Google translate is the quickest, easiest way to figure out what something or someone is saying in a foreign language. You can type the text of use the microphone to receive an instant translation. You can pre-download an offline translation file so you can still use the app without the internet. It has a two-way instant conversation translation feature that works for 32 languages. One of the coolest features is the real-time visual translation where you can hover your camera over a chunk of text and it will translate it to your chosen language on the spot. I can’t overstate how handy this is for deciphering menus.
Screenshots taken from Google Translate.
Unlike instant translation apps, Duolingo is more of a long game approach. It’s a fun, interactive app that helps you learn a new language quickly. It’s totally free and almost addictive. It feels like a game so you don’t even realise that you’re learning, which is great for adults who “don’t have the time to learn an entire language”. You probably won’t be fluent, but after a few weeks of practice, you’ll be able to introduce yourself, order food, chat with your taxi driver and check into your hotel with ease.
Screenshots taken from Duolingo.
iStone Travel Translation
This app has a great instant translation feature, but that’s not why we love it. Sometimes you just want to know how to ask someone where the nearest toilet is or where they’re from. iStone is loaded with more than 300 common phrases that you might need while travelling. The language currently offered are English, Chinese, Japanese, Russian, French, German, Spanish, Italian, Korean, Portuguese, Arabic and Thai. Phrases are divided into categories such as greetings, shopping, dining and asking directions. The basic version is free, however, more phrases become available when you purchase the full version for $2.99.
Screenshots taken from iStone Travel Translation app.
If you’ve ever been stung by data roaming charges, this app is for you. International mobile plans are notoriously expensive but WhatsApp Messenger offers an (almost) free alternative. If you have an internet connection, you can text, call and video chat with your contacts free of charge. WhatsApp in encrypted so all your conversations and personal details will be kept private. If you’re checking into an Airbnb or meeting up with a guide, chances are they’ll connect with you via WhatsApp. You can also create group chats where you can share photos and videos of your travels. It’s a great way to keep family members at home in the loop.

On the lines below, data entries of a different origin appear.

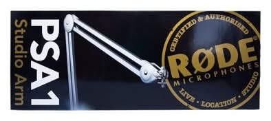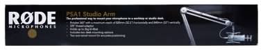 The PSA1 is a studio boom arm for radio, broadcast, studio and home use. It provides full 360 degree rotation. The PSA1 has a horizontal reach of 820mm(32.3 inches), and a vertical reach of 840mm (33.1 inches). It is supplied with velcro cable wraps and both desk-clamp and desk-insert style attachments for versatile mounting in desks up to 55mm (2.2 inches) thick (clamp) or 70mm (2.76 inches) insert.Designed for the RØDE Procaster and Podcaster, the PSA1 supports most microphones weighing between 700g (1.5lb) and 1.1kg (2.4lb) when combined with shock mount. Please note that the PSM1 shock mount is sold separately.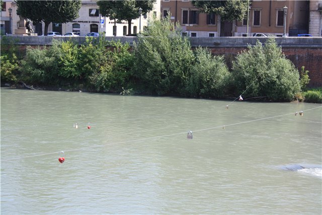 Наша прогулка началась на набережной реки. Карты города мы к этому времени еще не раздобыли, но визуально достаточно быстро определили, что соседний мост, это путь в центр города. Вы наверно видели достаточное количество мостов с висячими замками, которые туда вешают молодожены. С учетом того, что с легкой руки Шекспира Верона стала родиной Ромео и Джульетты, вес замков, повешенных на мосты города, довольно быстро обвалил бы их в быстрые воды реки. Поэтому власти придумали тросы через реку по соседству с мостами. Вешайте на здоровье замки, люди добрые, с нас не убудет. Места не хватает? Еще трос повесим. А к ближе зиме сей металлолом сдадим, чтобы не портил внешний вид ржавыми боками.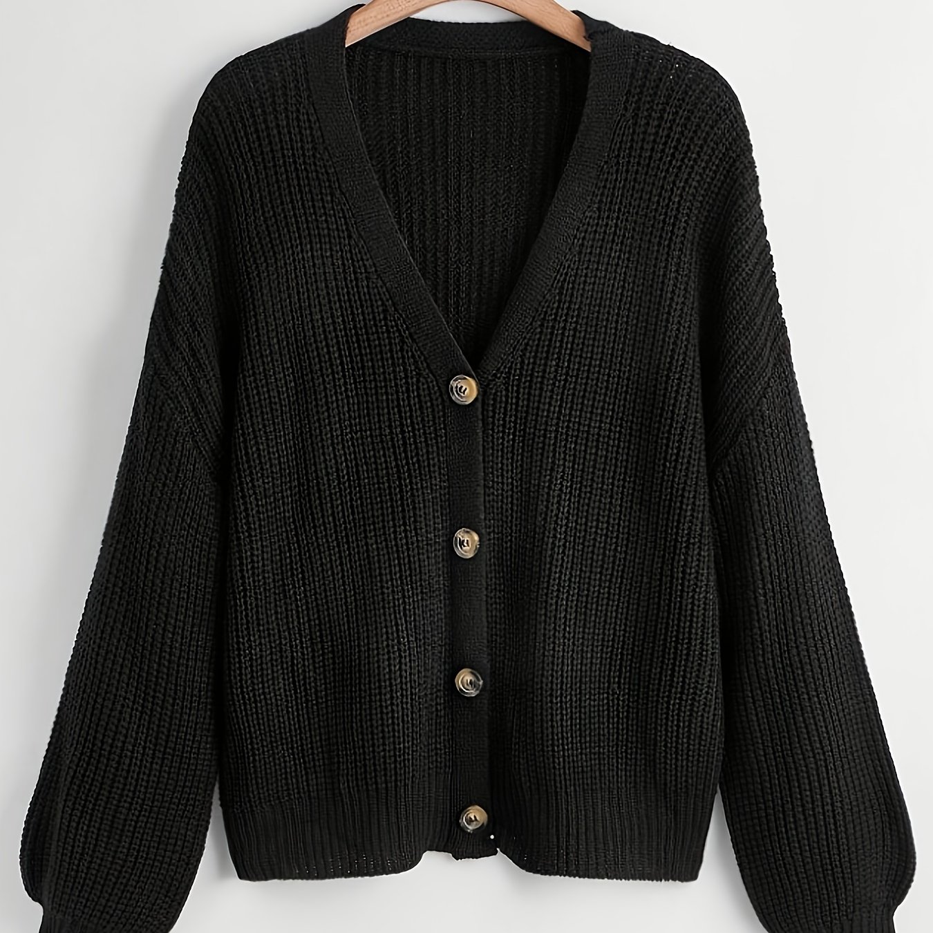 TEMU 여성용 플러스 사이즈 캐주얼 솔리드 컬러 케이블 가디건 - 흑색 버튼 프론트 오픈 프론트 스웨터, 가슴 포켓 포함, 기계 세탁 가능한 아늑한 가을 겨울 니트웨어, 중간 신축성 원단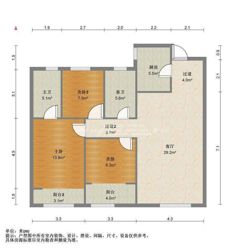 厅室3室2厅2卫1阳台
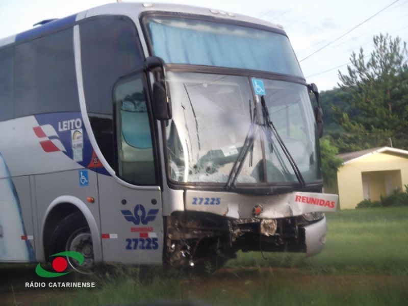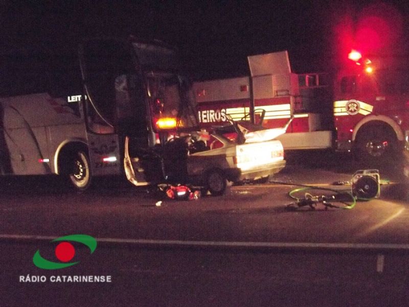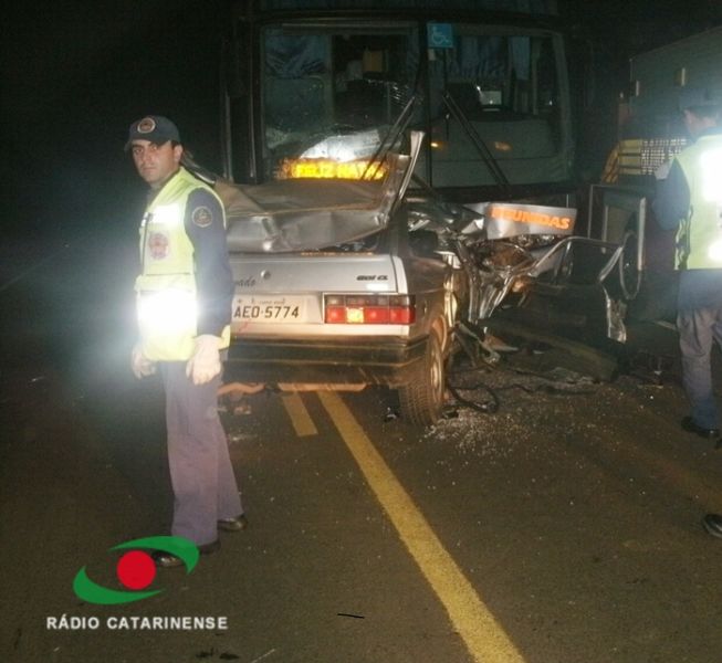 07/12/2012 Um homem morreu na madrugada desta sexta-feira (07) no km 356 da BR-282 em Erval Velho. O acidente aconteceu por volta da 1h30. Colisão frontal entre um ônibus da empresa Reunidas placas MGP-1191 de Caçador, que fazia sentido Florianópolis/Joaçaba, e um VW/Gol placas AED-5774 de Campos Novos, conduzido por Cláudio Alessandro Barbosa, de 28 anos, natural de Campos Novos. Segundo testemunhas, o carro se deslocava sentido Erval Velho/Campos Novos fazendo zigue-zague na pista quando o motorista perdeu o controle, invadiu a pista contrária e bateu de frente com o ônibus. Cláudio Alessandro Barbosa foi socorrido pelo SAMU, mas morreu a caminho do Hospital Universitário Santa Terezinha (HUST) de Joaçaba, nas proximidades da ponte Alfredo Ítalo Remor. O corpo da vítima foi encaminhado ao IML de Joaçaba. Nenhum dos ocupantes do ônibus se feriu. Um laudo da PRF deverá apontar as causas do acidente.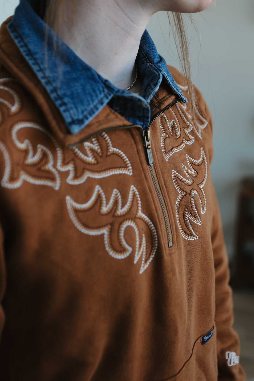 Wrangler - Women's 1/4 Zip Western Stitch Yoke Sweatshirt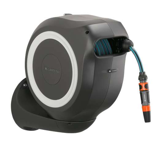 Leveres med et vægbeslag, en 20 meter 11mm vandslange, en tilslutningsslange, alle nødvendige originale GARDENA-systemdele samt en dyse med to forskellige sprayindstillinger.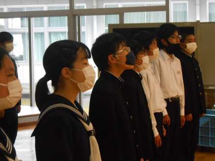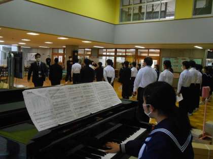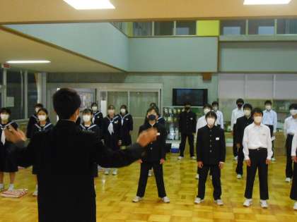 2年1組の生徒達が職員室までのホールで初めて合唱コンクールの練習を行いました。音量、響き、安定感、どれをとっても素晴らしい合唱に聞こえてきました。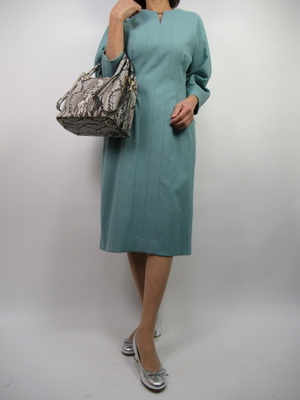 春になりコートを着なくても過ごせる日が多くなりました。ワンピースは一枚できちんと感が出て重宝します。薄いブルーの春らしい一着です!エレガンス度70%、フェミニン度30%。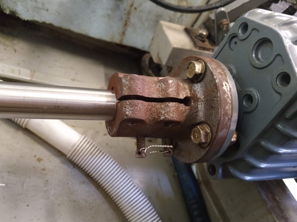 Before refitting the coupling to the shaft, I took the opportunity to replace the PSS dripless seal bellows. The manufacturers recommend changing the bellows every six years. The existing bellows have only been on for five years but as the shaft is disconnected it seems a good opportunity. I also replaced the raw water discharge hose to the shaft seal with a stronger braided hose that’s more suitable for use below the waterline, its not shown in the photo below. I now have peace of mind for another six years.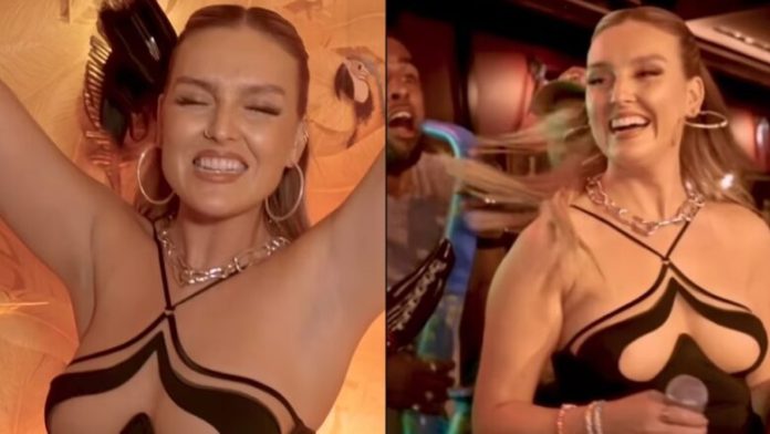 Perrie u shfaq tejet seksi me një veshje, e cila mburrej me prerje të guximshme dhe i linte shumë pak imagjinatës, shkruan DailyMail.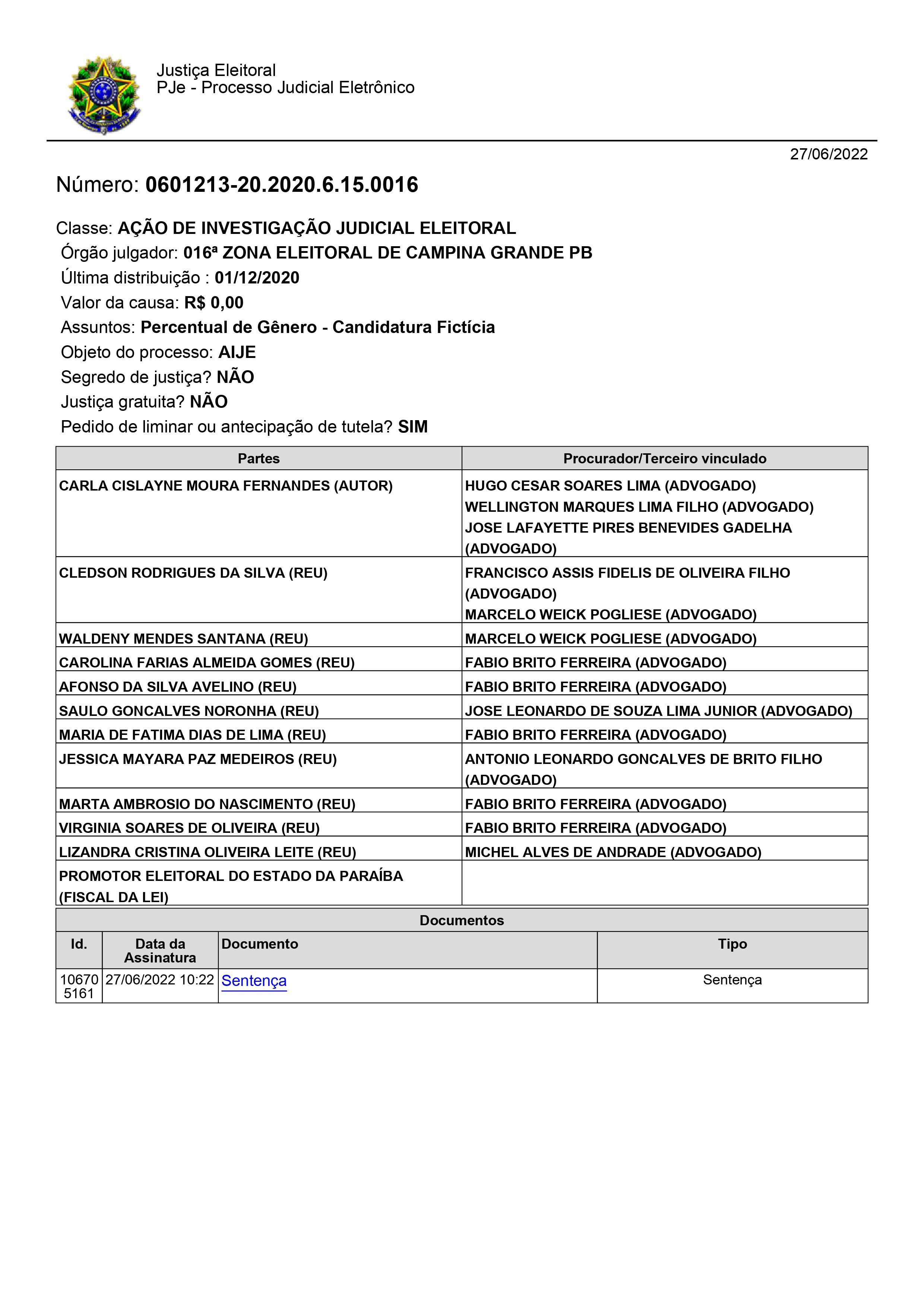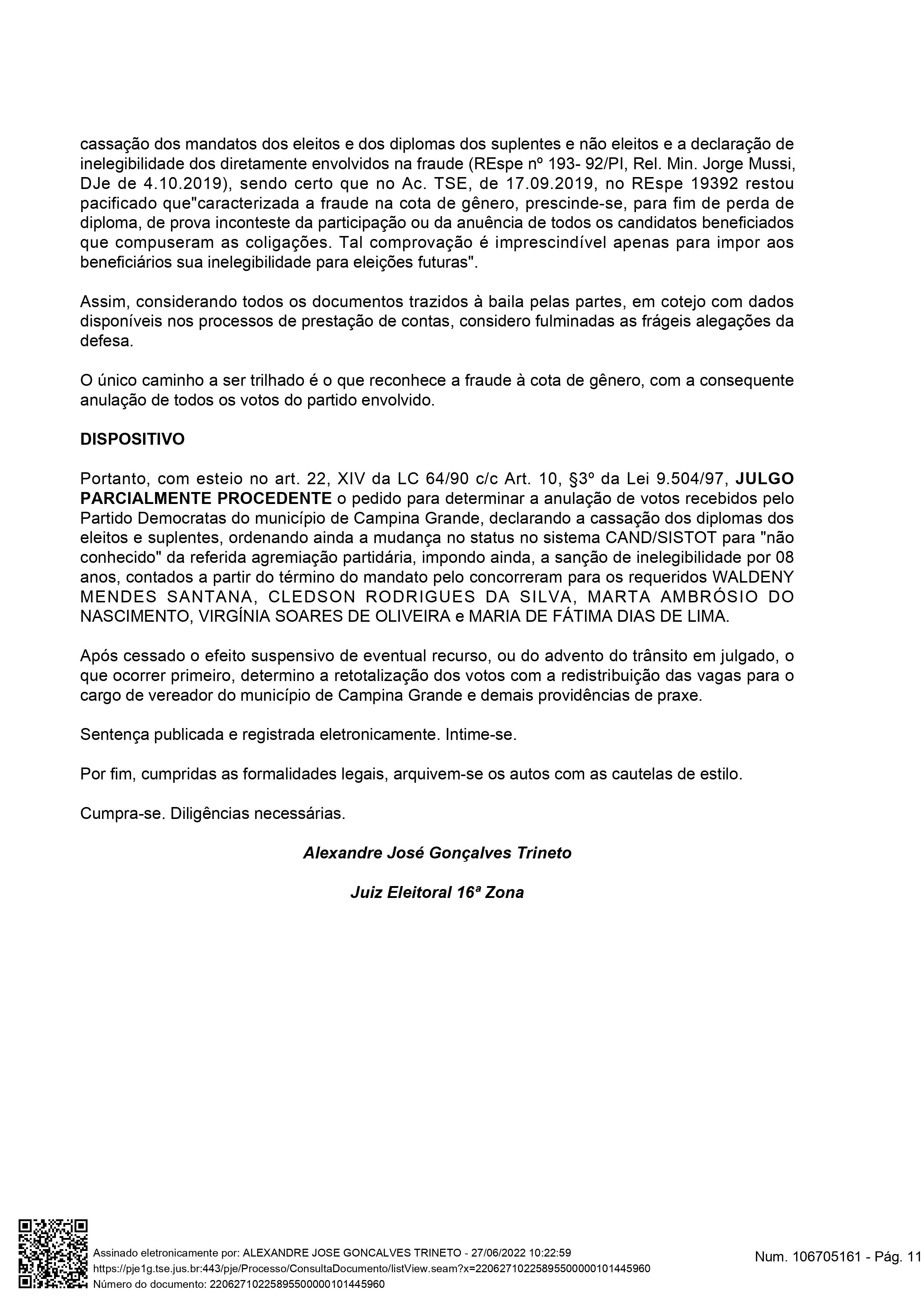 Após analisar o caso de cada partido, o juiz, então, sentenciou pela condenação apenas do União Brasil (antigo Democratas). “Portanto, com esteio no art. 22, XIV da LC 64/90 c/c Art. 10, §3º da Lei 9.504/97, JULGO PARCIALMENTE PROCEDENTE o pedido para determinar a anulação de votos recebidos pelo Partido Democratas do município de Campina Grande, declarando a cassação dos diplomas dos eleitos e suplentes, ordenando ainda a mudança no status no sistema CAND/SISTOT para “não conhecido” da referida agremiação partidária, impondo ainda, a sanção de inelegibilidade por 08 anos, contados a partir do término do mandato pelo concorreram para os requeridos WALDENY MENDES SANTANA, CLEDSON RODRIGUES DA SILVA, MARTA AMBRÓSIO DO NASCIMENTO, VIRGÍNIA SOARES DE OLIVEIRA e MARIA DE FÁTIMA DIAS DE LIMA.”

Screenshots taken from WhatsApp.
Wolfram Sun Exposure
Do you know what’s better than coming home from a holiday with a great tan? Coming home from a holiday without a melanoma. It’s important to look after your skin when you’re on holidays, particularly if you’re planning on spending a lot of time in the sun. Wolfram helps you avoid a wicked sunburn with UV forecasts for your location. It’ll tell you how long you can stay in the sun before you’re likely to burn and what level of SPF you should be using based on the conditions. It doubles as a weather app with sunrise, sunset and tidal information.
Screenshots taken from Wolfram Sun Exposure.
Pocket First Aid and CPR
This is a good one to have on holidays and at home. This app was created by the Red Cross to provide easy to understand, up-to-date first aid information anywhere in the world. The instructions come with videos and images to help you resolve the issue, or at least tide you over until emergency services arrive. You can take the first aid course in advance or use it in-situ during an emergency situation.
Screenshots taken from Pocket First Aid and CPR
This weather app provides in-depth, hyperlocal weather information all over the world. It has minute-by-minute forecasts that predict the exact moment it’ll start raining. You can watch storms forming on the advanced thermal map, check weekly predictions to help plan your travels and even be notified when sudden changes are coming through.